The Institute on Taxation and Economic Policy (ITEP) is a non-partisan think tank that works on state and federal tax policy issues
Furthermore, according to the same institute, the Trump administration's corporate tax cuts -- although they have taken effect on January 1 -- include a special clause for companies that have managed to postpone past tax liability. The clause, which essentially rewards companies like Amazon for postponing the taxation of their income, is the source of Amazon's $789 million windfall.

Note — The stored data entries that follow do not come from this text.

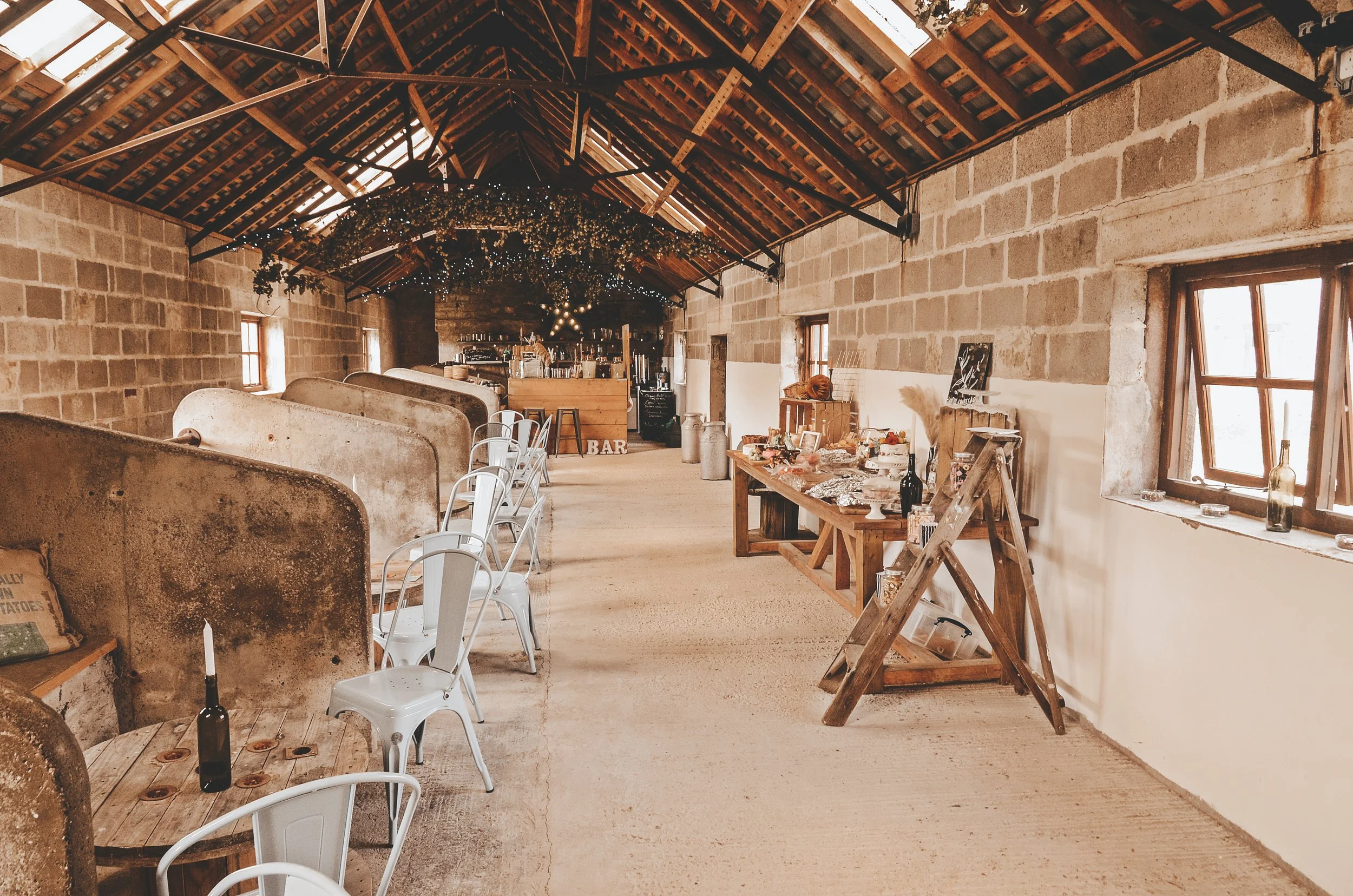 We are able to seat 120 guests for a sit down meal within The Barn. This space is adjacent to The Stalls and The Parlour. We have a large top table, trestle tables and foldable chairs for you to arrange as you wish.
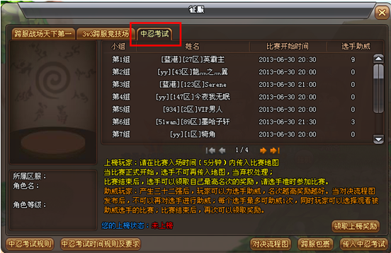 比赛开始时,您可以通过小地图旁边的【战】按钮→【中忍考试】→传入中忍考试,来传入到中忍考试中。或者点击页面上的中忍考试入场提示按钮进入战场。
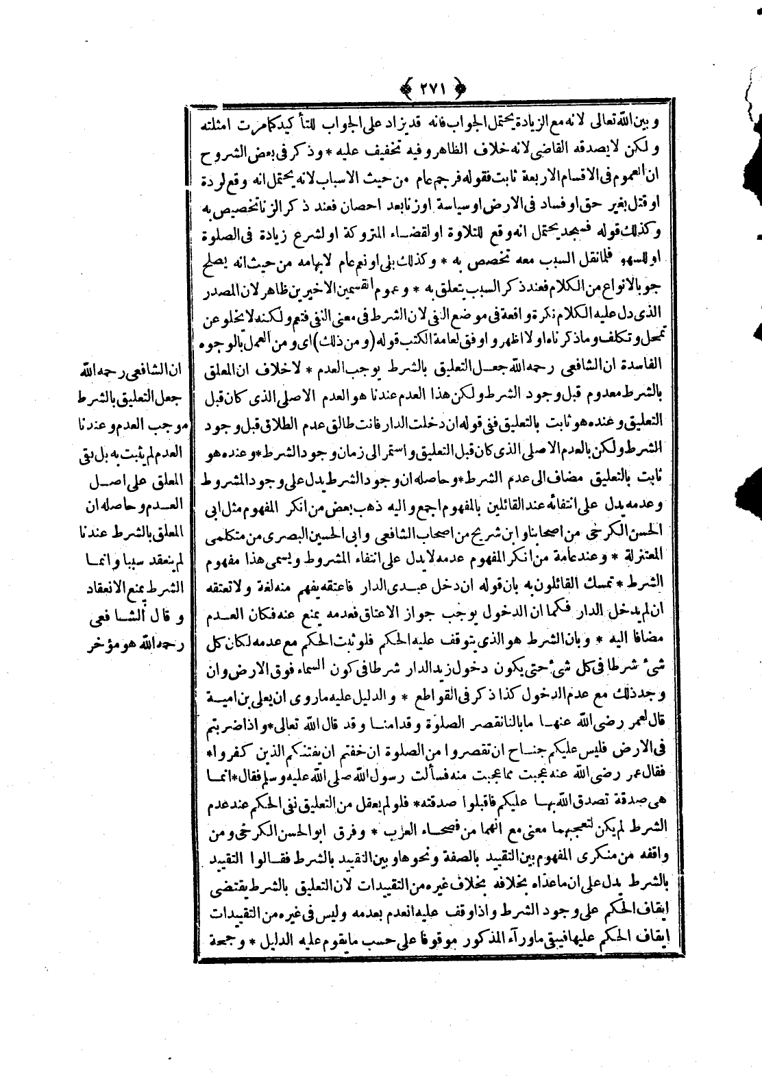 أَنَّ الشَّافِعِيَّ - رَحِمَهُ اللَّهُ - جَعَلَ التَّعْلِيقَ بِالشَّرْطِ مُوجِبٌ الْعَدَمَ وَعِنْدَنَا الْعَدَمُ لَمْ يَثْبُتْ بِهِ بَلْ بَقِيَ الْمُعَلَّقُ عَلَى أَصْلِ الْعَدَمِ وَحَاصِلُهُ أَنَّ الْمُعَلَّقَ بِالشَّرْطِ عِنْدَنَا لَمْ يَنْعَقِدْ سَبَبًا وَإِنَّمَا الشَّرْطُ يَمْنَعُ الِانْعِقَادَ وَقَالَ الشَّافِعِيُّ - رَحِمَهُ اللَّهُ -: هُوَ مُؤَخَّرٌ
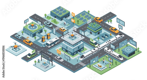 city, smart, future, urban, technology, transportation, isometric, illustration, modern, architecture, building, infrastructure, network, connectivity, digital, innovation, sustainability, green, energy, solar, panel, drone, car, vehicle, electric, autonomous, train, subway, public, transport, street, road, traffic, flow, system, datum, center, communication, wireless, cyberspace, of, thing, concept, design, graphic, art, scene, view
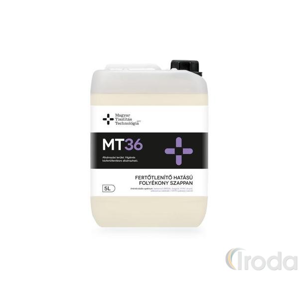 MT36 Fertőtlenítő folyékony szappan 5L. Színtelen. Fertőtlenítő hatású folyékony szappan, higiéniás kézfertőtlenítésre. Antimikrobiális spektruma baktericid, fungicid, vírucid, valamint adenovírus inkativáló és MRSA ellen is hatékony. Kézkímélő adalékot tartalmaz.
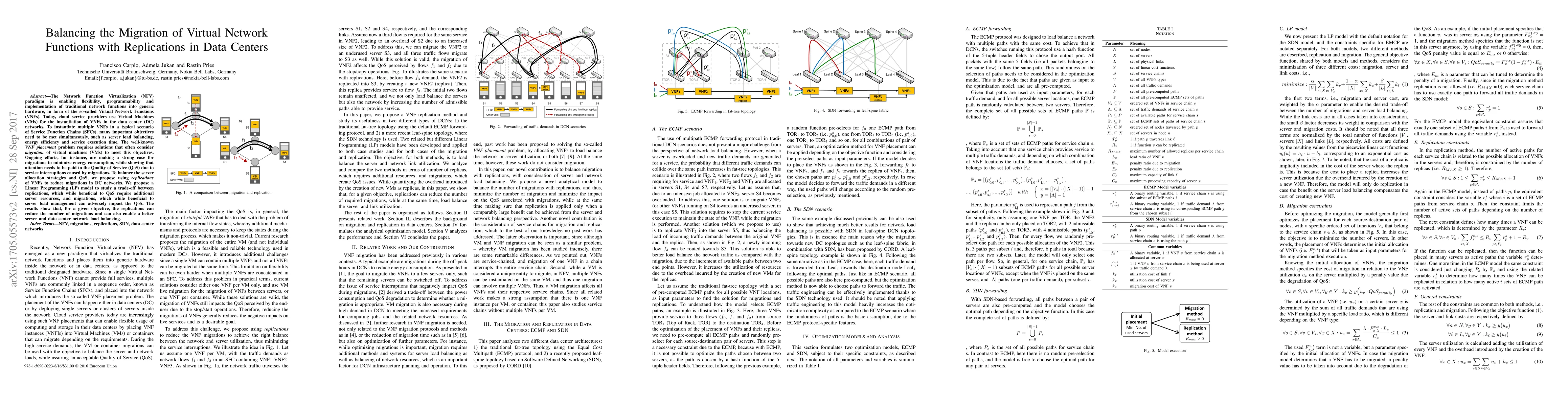 The Network Function Virtualization (NFV) paradigm is enabling flexibility, programmability and implementation of traditional network functions into generic hardware, in form of the so-called Virtual Network Functions (VNFs). Today, cloud service providers use Virtual Machines (VMs) for the instantiation of VNFs in the data center (DC) networks. To instantiate multiple VNFs in a typical scenario of Service Function Chains (SFCs), many important objectives need to be met simultaneously, such as server load balancing, energy efficiency and service execution time. The well-known \emph{VNF placement} problem requires solutions that often consider \emph{migration} of virtual machines (VMs) to meet this objectives. Ongoing efforts, for instance, are making a strong case for migrations to minimize energy consumption, while showing that attention needs to be paid to the Quality of Service (QoS) due to service interruptions caused by migrations. To balance the server allocation strategies and QoS, we propose using \emph{replications} of VNFs to reduce migrations in DC networks. We propose a Linear Programming (LP) model to study a trade-off between replications, which while beneficial to QoS require additional server resources, and migrations, which while beneficial to server load management can adversely impact the QoS. The results show that, for a given objective, the replications can reduce the number of migrations and can also enable a better server and data center network load balancing.

In September 2017, Amazon announced that it would be building a second headquarters. As Quartz reported, Amazon initially received 238 bids from cities all over the United States, but narrowed the list down later on. This caused a bidding war, with participating cities competing against each other, offering tax breaks, free land, and various incentive packages. Only a few politicians have spoken up against this, most notably Rohit Ro Khanna, U.S. Democratic representative for California's 17th congressional district, who told The Intercept, "The cities should not compete against each other in a race to the bottom. It's absurd for the taxpayers to offer subsidies to one of the richest companies in the world."
Matthew Gardner is of similar opinion.
"For states contemplating tax incentives for Amazon, the salient question is: what do you give a tax avoider who already has everything?"The Nation's Stacy Mitchell, meanwhile, believes that Amazon does not yet have everything, but it certainly aims to. In her words, "Amazon doesn't just want to dominate the market -- it wants to become the market."
In an extensive report, Mitchell criticized the tech giant's monopolistic tendencies, as well as the lack of government intervention, quoting Chamath Palihapitiya, a venture capitalist and owner of the Golden State Warriors, who said that Amazon is a "multitrillion-dollar monopoly hiding in plain sight."
According to Statista, Amazon's market value is in the neighborhood of $427 billion, which makes it the fourth most valuable company in the United States, after Apple, Alphabet, and Microsoft.